Pose of the Day: Standing Forward Bend

by laura on October 4, 2008

IMG_4763The deepest version of this pose should only be practiced when your muscles are very warm. Cold hamstrings are prone to injury. Do sun salutations until you are hot and sweaty, and bend forward with slightly bent knees. Do not push yourself beyond your limits unless you would enjoy having a torn hamstring!

Stand tall in mountain pose, with your feet hip distance apart, toes pointing straight forward. Engage your quadriceps by raising your kneecaps and squeezing your inner thighs towards eachother. Bring your hands to your hips and tilt your pelvis back slightly as you hinge forward. Keep your lower back flat, maintaining the lumbar curve to avoid strain in that area. Lengthen through your spine while lifting the sitting bones to the ceiling.

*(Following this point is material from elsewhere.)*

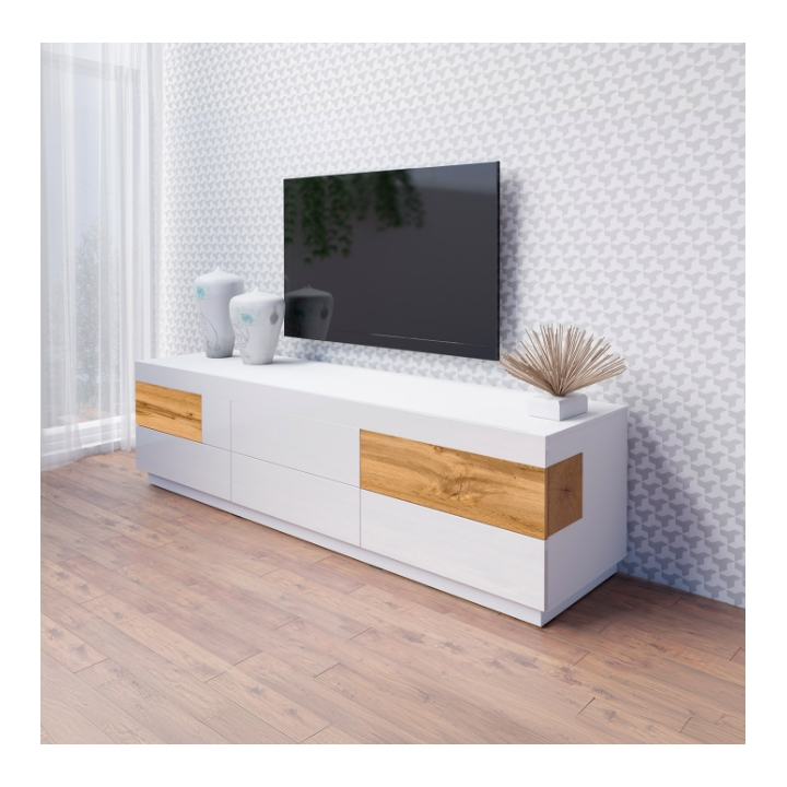 Are you looking for an entertainment centre that blends harmoniously into the design of your living room and at the same time offers practical storage space? The Type 40 RTV chest of drawers from the Silke collection is the perfect combination of functionality and modern aesthetics. The elegant lines and refined design details reflect the latest interior design trends, and the availability of different colours makes it possible to tailor the chest to individual preferences. The clever design of the RTV chest with space for audio-visual equipment and additional drawers ensures that everything will find its place. The high-quality materials of which it is made ensure durability and resistance to everyday use. The Type 40 RTV chest of drawers from the Silke collection is not only a practical piece of furniture, but also a distinctive decorative element that will enrich any space. Its addition to your living room will bring an impression of modernity and refined elegance.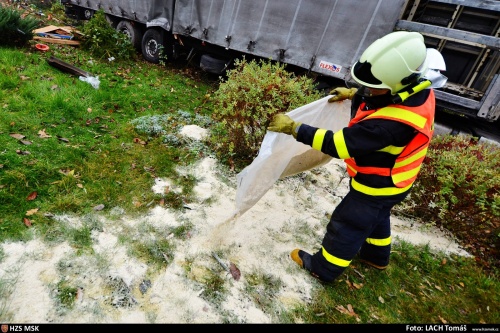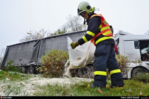 Operační středisko hasičů bylo o nehodě na dálnici D56 ve směru na Ostravu informováno v sedm hodin ráno. Do Ostravy-Hrabové vyjely dvě jednotky Hasičského záchranného sboru Moravskoslezského kraje (HZS MSK) - ze stanic Ostrava-Jih a Ostrava-Zábřeh, včetně chemického automobilu s nasákavým sorbentem. Ten hasiči použili na zasypání naftové skvrny v zahrádkách a do nedalekého potoka položili sorpčního hada.

Continue to hinge forward from the hips until you can’t keep a flat back any longer. Drop your hands to your thighs, shins, ankles, or the floor. As you inhale, lift your sitting bones higher, flatten your back and, as you exhale, bring your chest towards your thighs. For a deeper stretch, grab onto your big toes with your first two fingers and bend your elbows to pull you closer to your thighs. You will feel an intense stretch in your calves and hamstrings, with no strain in the lower back. Let go of your head and neck and continue to inhale and exhale through the nose.